### Data
Start of Block
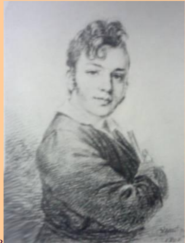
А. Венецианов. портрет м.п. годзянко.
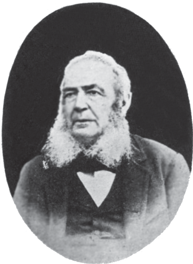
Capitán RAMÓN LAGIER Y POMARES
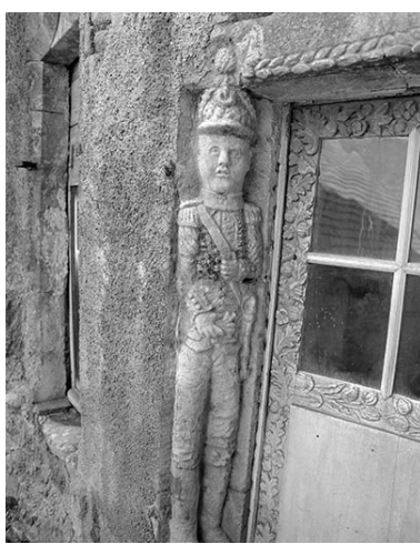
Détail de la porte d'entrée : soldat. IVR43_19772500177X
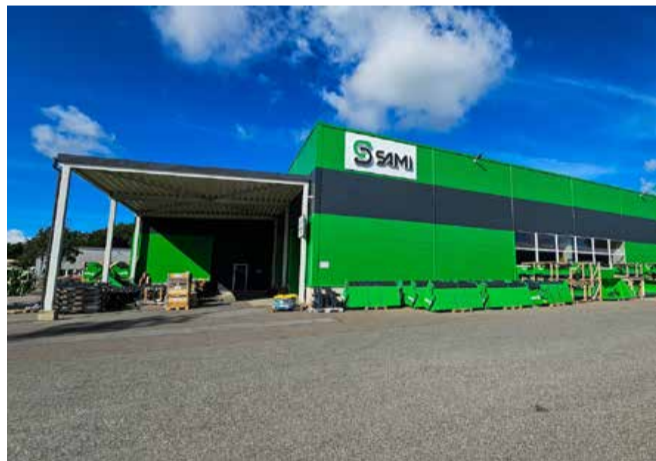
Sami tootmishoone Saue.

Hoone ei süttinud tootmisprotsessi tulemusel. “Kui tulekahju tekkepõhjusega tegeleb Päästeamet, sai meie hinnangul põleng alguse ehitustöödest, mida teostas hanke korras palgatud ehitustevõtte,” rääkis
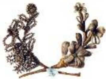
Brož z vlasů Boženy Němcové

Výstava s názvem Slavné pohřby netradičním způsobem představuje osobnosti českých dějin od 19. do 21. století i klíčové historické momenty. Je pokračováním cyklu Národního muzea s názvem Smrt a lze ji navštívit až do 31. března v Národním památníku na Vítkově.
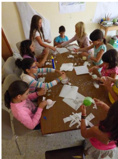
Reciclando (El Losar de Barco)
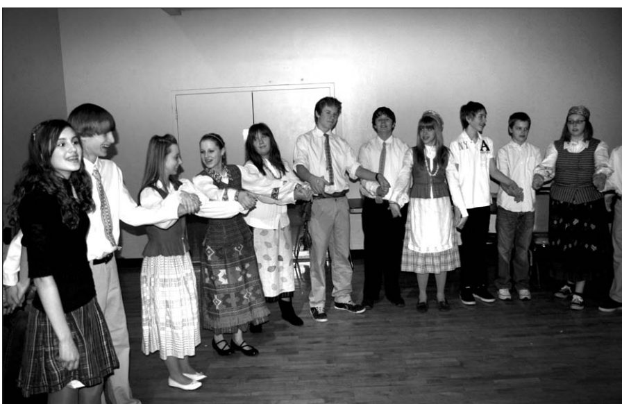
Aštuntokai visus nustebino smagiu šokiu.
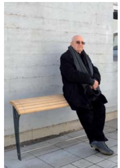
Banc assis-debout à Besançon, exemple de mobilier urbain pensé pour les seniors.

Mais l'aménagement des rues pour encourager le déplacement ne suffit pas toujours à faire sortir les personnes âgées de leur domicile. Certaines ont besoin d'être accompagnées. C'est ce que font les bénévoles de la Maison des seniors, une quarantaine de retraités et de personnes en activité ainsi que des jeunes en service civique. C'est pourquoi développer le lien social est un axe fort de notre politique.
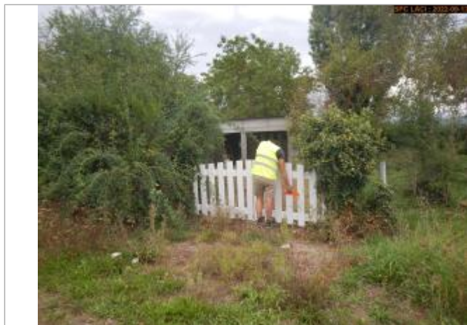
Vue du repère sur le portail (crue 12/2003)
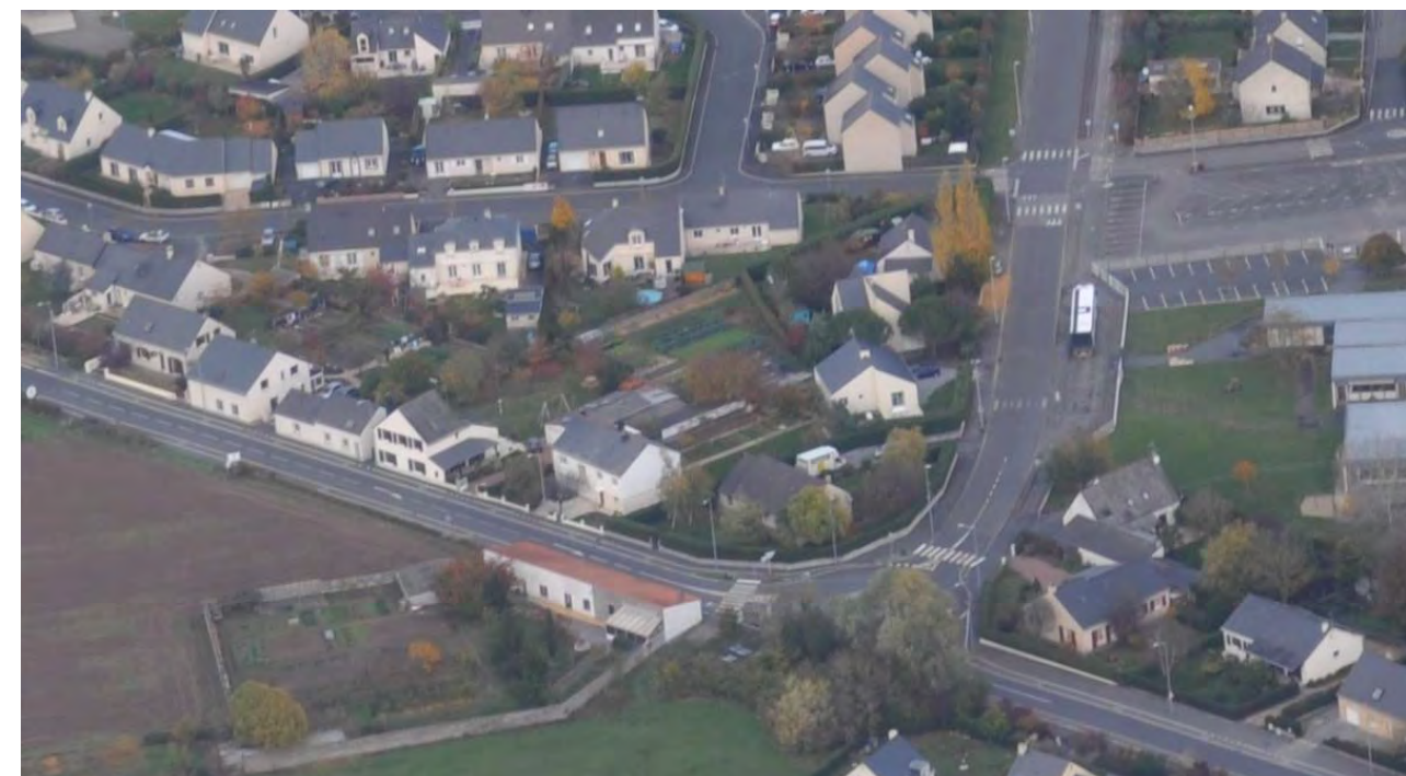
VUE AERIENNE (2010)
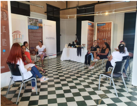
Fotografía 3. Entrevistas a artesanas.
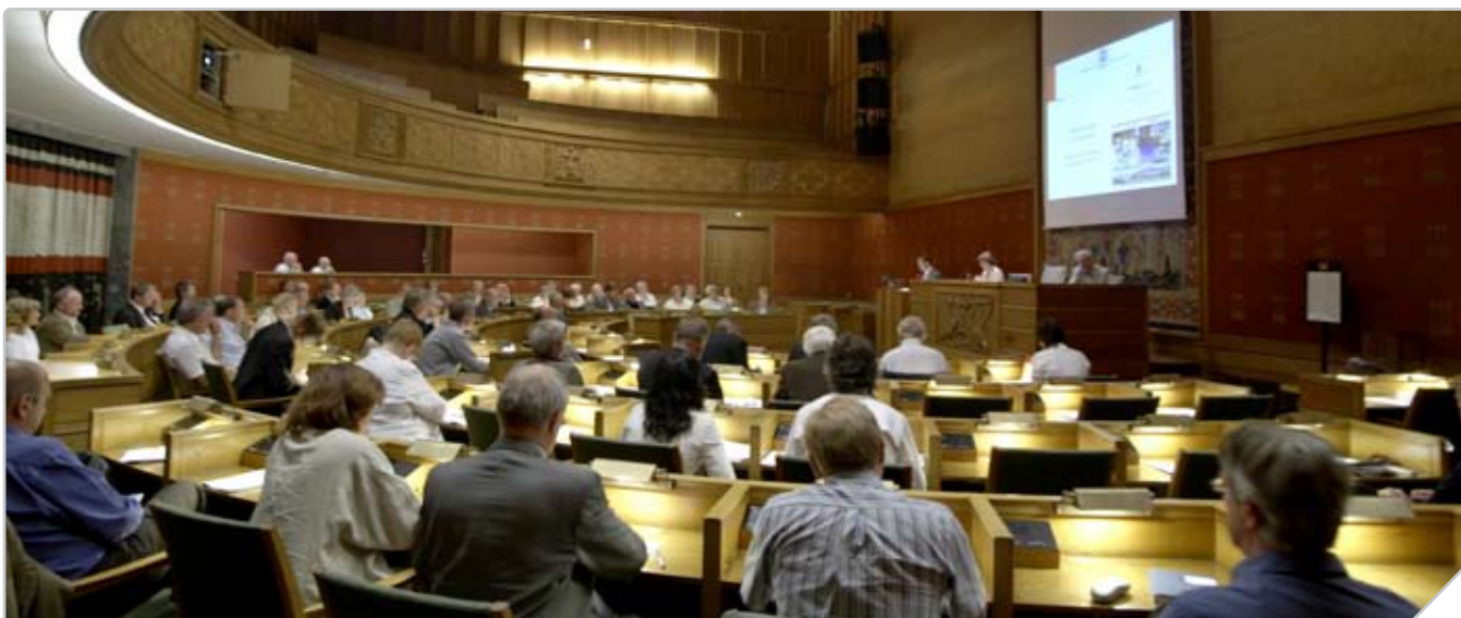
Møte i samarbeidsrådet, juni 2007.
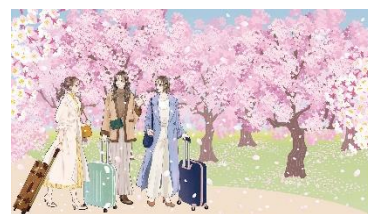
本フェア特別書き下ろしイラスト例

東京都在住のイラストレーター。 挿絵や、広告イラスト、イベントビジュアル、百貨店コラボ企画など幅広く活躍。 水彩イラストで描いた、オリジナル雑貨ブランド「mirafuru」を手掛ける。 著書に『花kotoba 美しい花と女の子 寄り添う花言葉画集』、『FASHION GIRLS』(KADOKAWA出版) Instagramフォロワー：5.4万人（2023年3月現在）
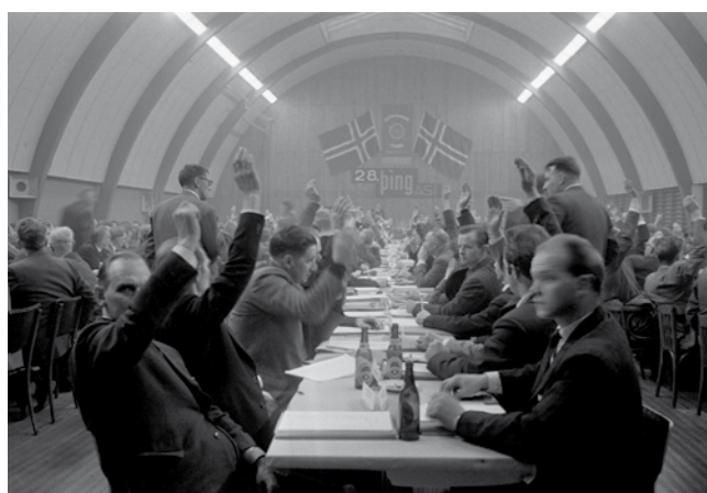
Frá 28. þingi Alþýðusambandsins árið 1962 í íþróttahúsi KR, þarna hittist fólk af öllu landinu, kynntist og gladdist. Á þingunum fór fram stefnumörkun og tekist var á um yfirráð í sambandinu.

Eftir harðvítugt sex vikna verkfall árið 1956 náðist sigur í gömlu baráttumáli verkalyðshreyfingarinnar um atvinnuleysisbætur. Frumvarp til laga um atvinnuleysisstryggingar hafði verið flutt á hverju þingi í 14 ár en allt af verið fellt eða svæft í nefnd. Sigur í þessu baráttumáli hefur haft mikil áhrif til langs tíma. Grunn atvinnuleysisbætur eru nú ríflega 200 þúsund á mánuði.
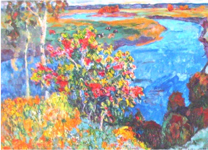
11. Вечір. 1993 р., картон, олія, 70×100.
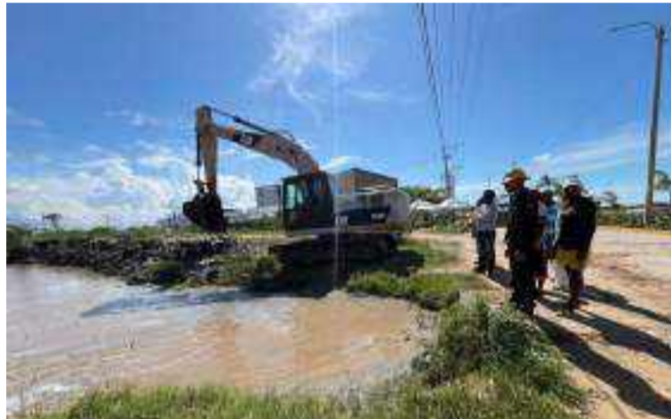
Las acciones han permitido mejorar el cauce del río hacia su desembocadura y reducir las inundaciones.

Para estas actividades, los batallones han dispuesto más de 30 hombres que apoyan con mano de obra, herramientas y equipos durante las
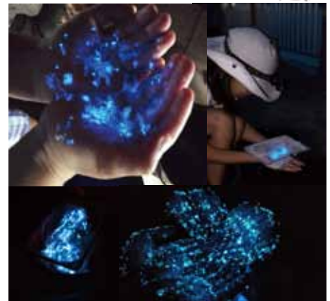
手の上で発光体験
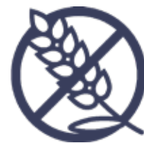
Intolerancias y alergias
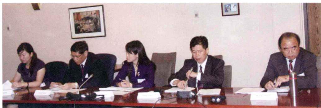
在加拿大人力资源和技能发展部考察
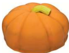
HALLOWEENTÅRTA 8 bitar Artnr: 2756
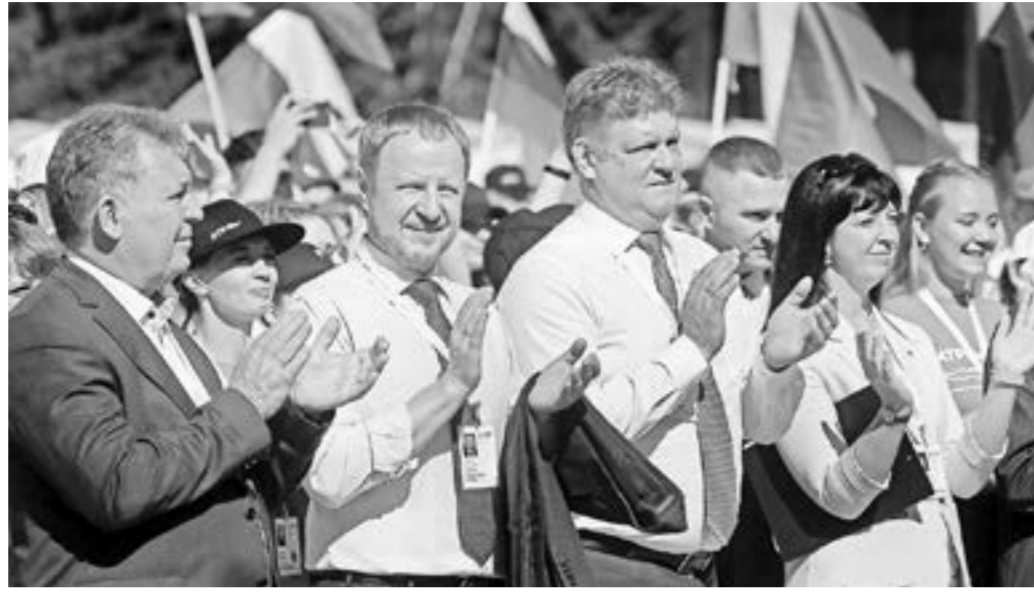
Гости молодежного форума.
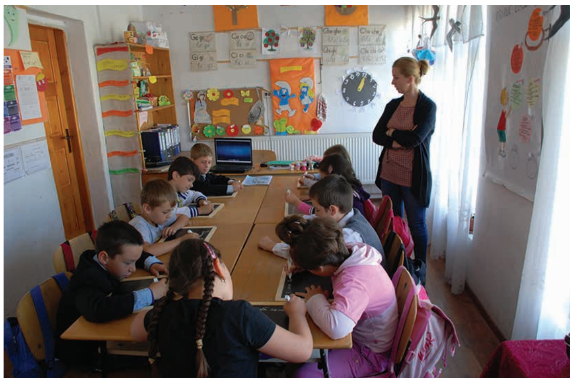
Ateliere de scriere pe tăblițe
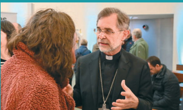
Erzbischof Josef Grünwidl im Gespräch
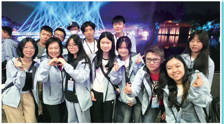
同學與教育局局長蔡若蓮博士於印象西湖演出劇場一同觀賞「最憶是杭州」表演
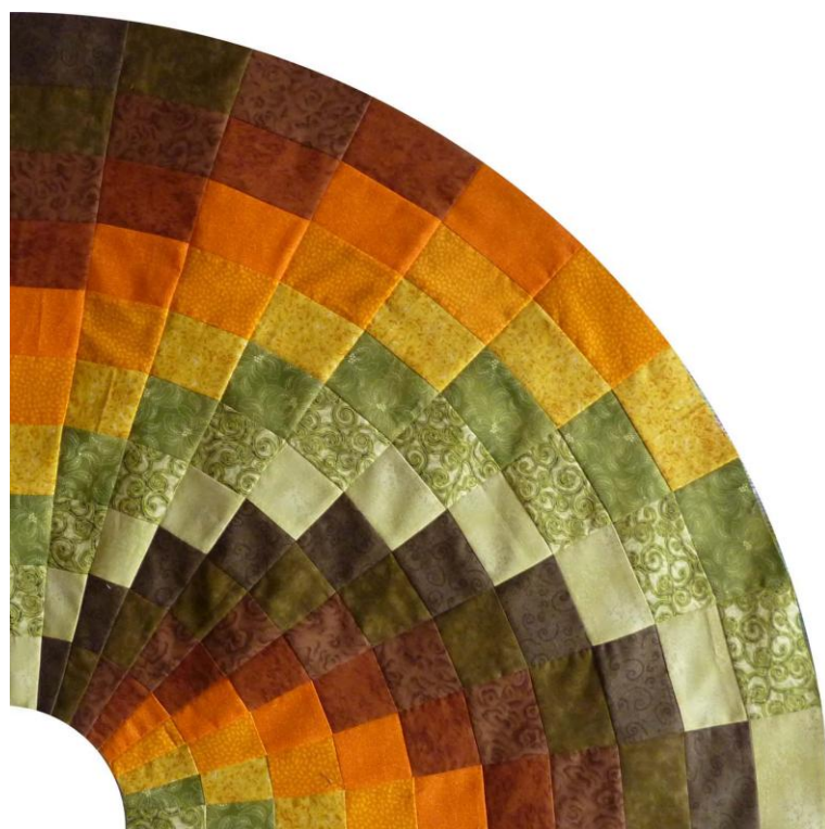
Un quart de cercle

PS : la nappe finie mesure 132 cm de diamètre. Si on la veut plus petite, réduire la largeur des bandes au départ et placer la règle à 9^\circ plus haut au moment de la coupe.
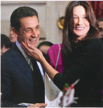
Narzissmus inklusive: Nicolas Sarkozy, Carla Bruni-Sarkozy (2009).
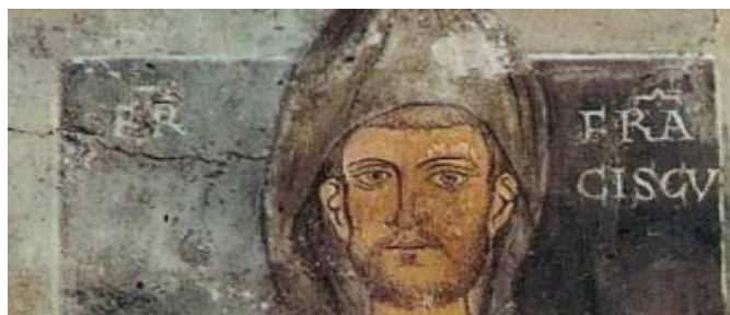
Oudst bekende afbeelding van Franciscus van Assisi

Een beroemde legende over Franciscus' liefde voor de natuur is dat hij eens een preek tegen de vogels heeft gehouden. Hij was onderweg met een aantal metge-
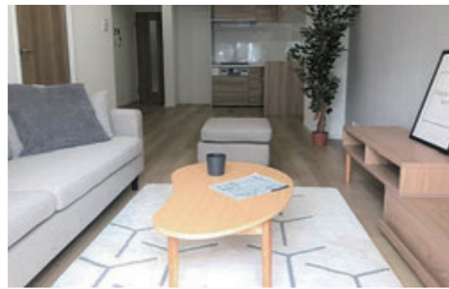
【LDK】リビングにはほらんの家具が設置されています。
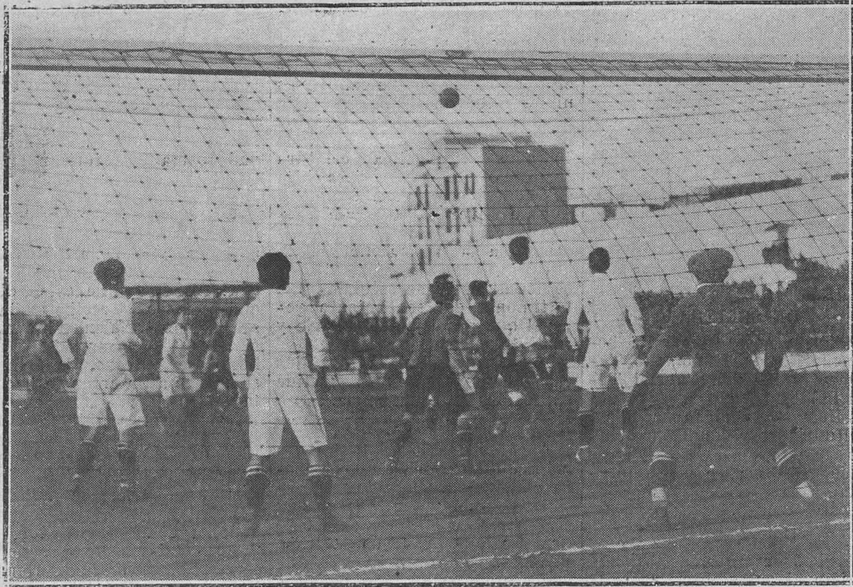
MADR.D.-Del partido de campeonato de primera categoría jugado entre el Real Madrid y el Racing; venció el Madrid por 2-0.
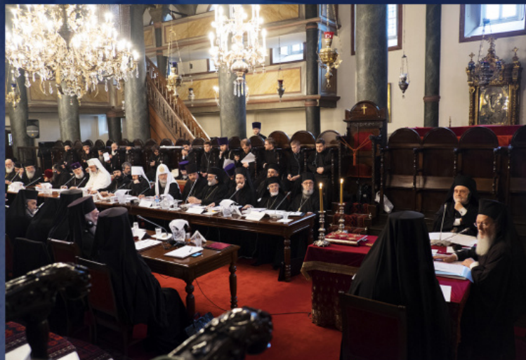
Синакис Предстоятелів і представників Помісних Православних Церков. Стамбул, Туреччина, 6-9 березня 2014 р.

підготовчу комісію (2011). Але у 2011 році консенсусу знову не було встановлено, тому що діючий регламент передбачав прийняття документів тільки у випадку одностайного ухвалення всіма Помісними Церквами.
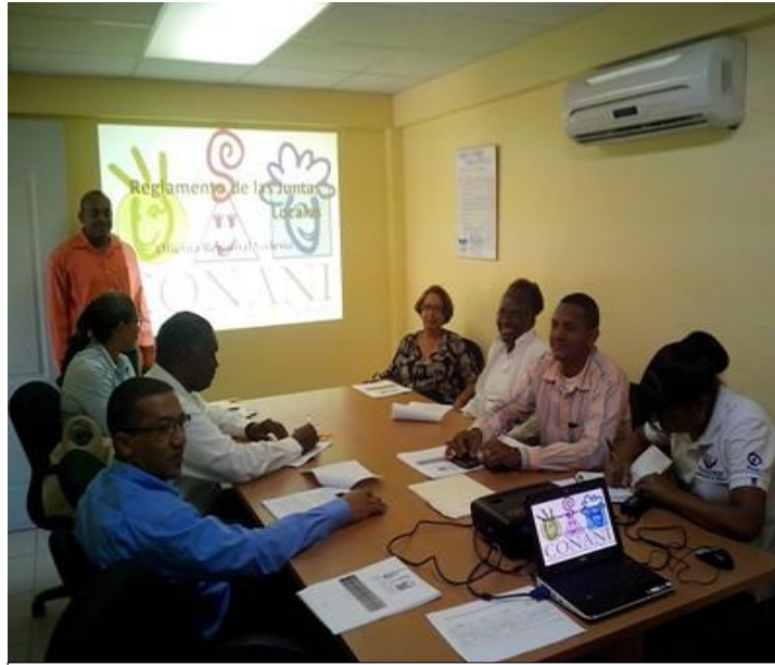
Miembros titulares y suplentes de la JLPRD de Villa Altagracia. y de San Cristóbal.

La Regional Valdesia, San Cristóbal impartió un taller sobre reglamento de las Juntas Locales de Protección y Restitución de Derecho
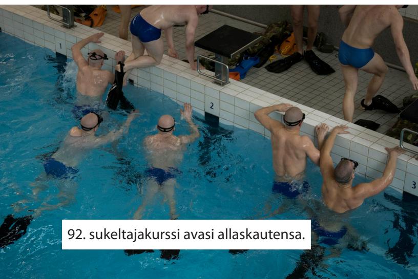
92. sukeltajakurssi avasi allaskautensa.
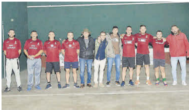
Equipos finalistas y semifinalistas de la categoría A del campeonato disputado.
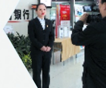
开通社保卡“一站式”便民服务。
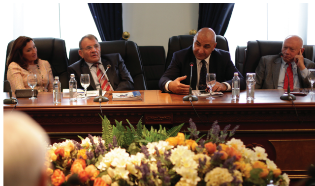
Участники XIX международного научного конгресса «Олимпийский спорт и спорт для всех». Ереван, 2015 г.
End of Block
### Problem to work on
Would you please set down the data above again exactly, without its pictures?

### Solution to this problem
А. Венецианов. портрет м.п. годзянко.
Capitán RAMÓN LAGIER Y POMARES
Détail de la porte d'entrée : soldat. IVR43_19772500177X
Sami tootmishoone Saue.

Hoone ei süttinud tootmisprotsessi tulemusel. “Kui tulekahju tekkepõhjusega tegeleb Päästeamet, sai meie hinnangul põleng alguse ehitustöödest, mida teostas hanke korras palgatud ehitustevõtte,” rääkis
Brož z vlasů Boženy Němcové

Výstava s názvem Slavné pohřby netradičním způsobem představuje osobnosti českých dějin od 19. do 21. století i klíčové historické momenty. Je pokračováním cyklu Národního muzea s názvem Smrt a lze ji navštívit až do 31. března v Národním památníku na Vítkově.
Reciclando (El Losar de Barco)
Aštuntokai visus nustebino smagiu šokiu.
Banc assis-debout à Besançon, exemple de mobilier urbain pensé pour les seniors.

Mais l'aménagement des rues pour encourager le déplacement ne suffit pas toujours à faire sortir les personnes âgées de leur domicile. Certaines ont besoin d'être accompagnées. C'est ce que font les bénévoles de la Maison des seniors, une quarantaine de retraités et de personnes en activité ainsi que des jeunes en service civique. C'est pourquoi développer le lien social est un axe fort de notre politique.
Vue du repère sur le portail (crue 12/2003)
VUE AERIENNE (2010)
Fotografía 3. Entrevistas a artesanas.
Møte i samarbeidsrådet, juni 2007.
本フェア特別書き下ろしイラスト例

東京都在住のイラストレーター。 挿絵や、広告イラスト、イベントビジュアル、百貨店コラボ企画など幅広く活躍。 水彩イラストで描いた、オリジナル雑貨ブランド「mirafuru」を手掛ける。 著書に『花kotoba 美しい花と女の子 寄り添う花言葉画集』、『FASHION GIRLS』(KADOKAWA出版) Instagramフォロワー：5.4万人（2023年3月現在）
Frá 28. þingi Alþýðusambandsins árið 1962 í íþróttahúsi KR, þarna hittist fólk af öllu landinu, kynntist og gladdist. Á þingunum fór fram stefnumörkun og tekist var á um yfirráð í sambandinu.

Eftir harðvítugt sex vikna verkfall árið 1956 náðist sigur í gömlu baráttumáli verkalyðshreyfingarinnar um atvinnuleysisbætur. Frumvarp til laga um atvinnuleysisstryggingar hafði verið flutt á hverju þingi í 14 ár en allt af verið fellt eða svæft í nefnd. Sigur í þessu baráttumáli hefur haft mikil áhrif til langs tíma. Grunn atvinnuleysisbætur eru nú ríflega 200 þúsund á mánuði.
11. Вечір. 1993 р., картон, олія, 70×100.
Las acciones han permitido mejorar el cauce del río hacia su desembocadura y reducir las inundaciones.

Para estas actividades, los batallones han dispuesto más de 30 hombres que apoyan con mano de obra, herramientas y equipos durante las
手の上で発光体験
Intolerancias y alergias
在加拿大人力资源和技能发展部考察
HALLOWEENTÅRTA 8 bitar Artnr: 2756
Гости молодежного форума.
Ateliere de scriere pe tăblițe
Erzbischof Josef Grünwidl im Gespräch
同學與教育局局長蔡若蓮博士於印象西湖演出劇場一同觀賞「最憶是杭州」表演
Un quart de cercle

PS : la nappe finie mesure 132 cm de diamètre. Si on la veut plus petite, réduire la largeur des bandes au départ et placer la règle à 9^\circ plus haut au moment de la coupe.
Narzissmus inklusive: Nicolas Sarkozy, Carla Bruni-Sarkozy (2009).
Oudst bekende afbeelding van Franciscus van Assisi

Een beroemde legende over Franciscus' liefde voor de natuur is dat hij eens een preek tegen de vogels heeft gehouden. Hij was onderweg met een aantal metge-
【LDK】リビングにはほらんの家具が設置されています。
MADR.D.-Del partido de campeonato de primera categoría jugado entre el Real Madrid y el Racing; venció el Madrid por 2-0.
Синакис Предстоятелів і представників Помісних Православних Церков. Стамбул, Туреччина, 6-9 березня 2014 р.

підготовчу комісію (2011). Але у 2011 році консенсусу знову не було встановлено, тому що діючий регламент передбачав прийняття документів тільки у випадку одностайного ухвалення всіма Помісними Церквами.
Miembros titulares y suplentes de la JLPRD de Villa Altagracia. y de San Cristóbal.

La Regional Valdesia, San Cristóbal impartió un taller sobre reglamento de las Juntas Locales de Protección y Restitución de Derecho
92. sukeltajakurssi avasi allaskautensa.
Equipos finalistas y semifinalistas de la categoría A del campeonato disputado.
开通社保卡“一站式”便民服务。
Участники XIX международного научного конгресса «Олимпийский спорт и спорт для всех». Ереван, 2015 г.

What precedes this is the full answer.